Почти все вокруг подняли руки, и Петя тоже машинально поднял руку, глядя на Африкана Африкановича неподвижными глазами, в которых еще струился зеленый полумрак лесной пещеры.

Африкан Африканович был добрый человек. Он не желал Пете зла. Наоборот, он желал ему всяческого добра. Видя, что мальчик так старательно тянет к нему два сложенных пальца, он захотел дать ему поправиться и вызвал его «с места».

— Вот Петя хочет нам ответить, — сказал Африкан Африканович благосклонно и погладил мальчика по стриженой, жесткой голове. — Встань, Петя, и ответь на этот вопрос.

Петя встрепенулся, вскочил, одернул курточку и с отчаянием посмотрел вокруг.

— Не торопись, не волнуйся.

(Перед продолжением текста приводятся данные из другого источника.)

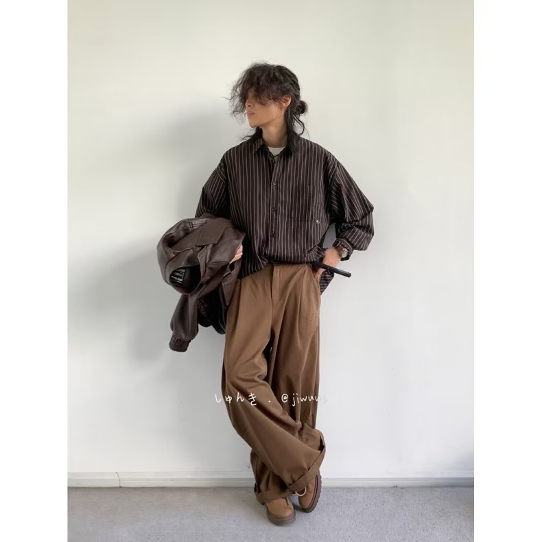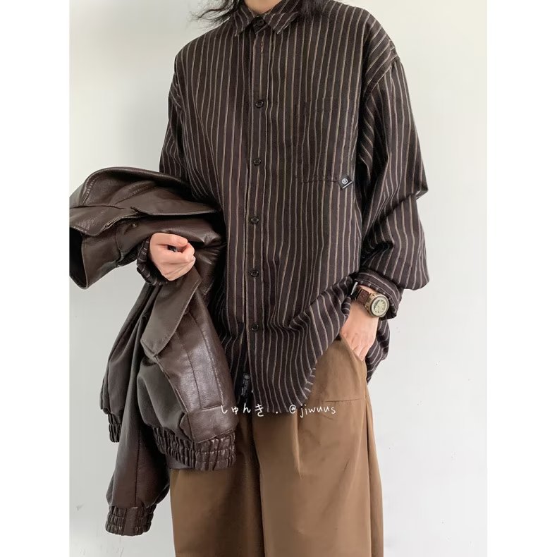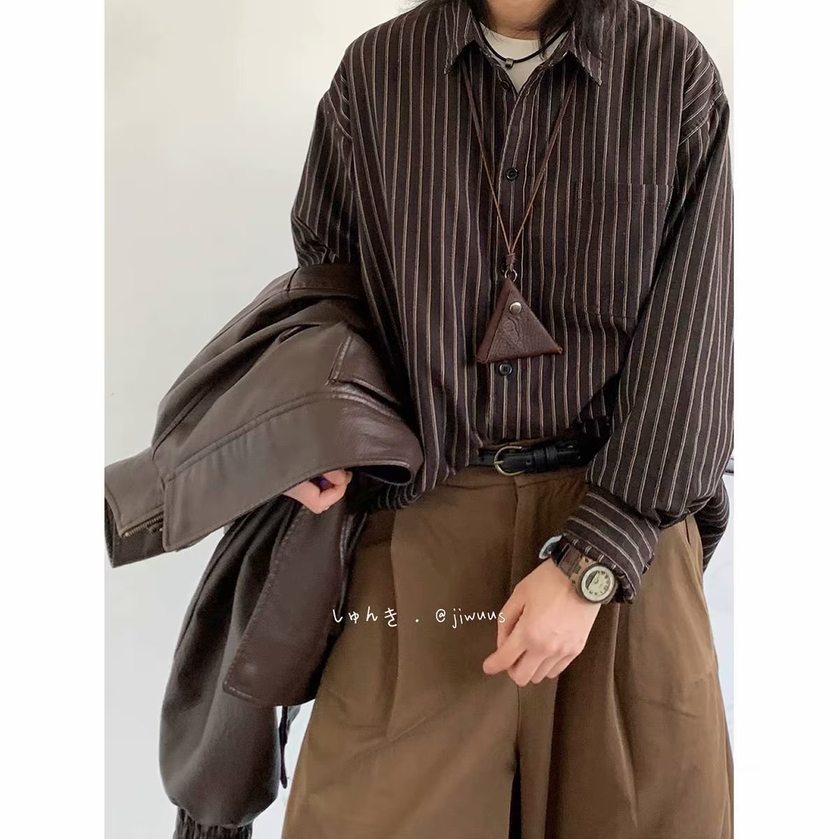 스트라이프 긴팔 셔츠 남성용 얇은 2024 봄과 가을 캐주얼 의류 트렌디 한 옷깃 디자인 셔츠스토어 가기

Сначала подумай, а потом отвечай. О чем идет речь?

— О диспутах, — свистящим шепотом подсказал Петин сосед Жорка Колесничук, уткнувшись лицом в парту, чтобы не было заметно, что подсказывает именно он.

— О диспутах, — сказал Петя.

— Верно. Речь идет о диспутах. На диспутах афинские ораторы произносили политические речи. Как же они строили свои речи? Из каких частей состояли эти речи? Как называлось основное положение речи?

Петя стоял как соляной столб, и пот катился по его напряженному лицу.

— Тезис, — прошипел Жорка Колесничук.

— Тезис, — как заводной, повторил Петя ничего не выражающим механическим голосом.

— Хорошо, — сказал Африкан Африканович, морщась и делая вид, что не слышит подсказок Жорки Колесничука. — Очень хорошо. Молодец! Тезис. Ну, а как называется вторая часть речи афинского оратора, противоположная первой?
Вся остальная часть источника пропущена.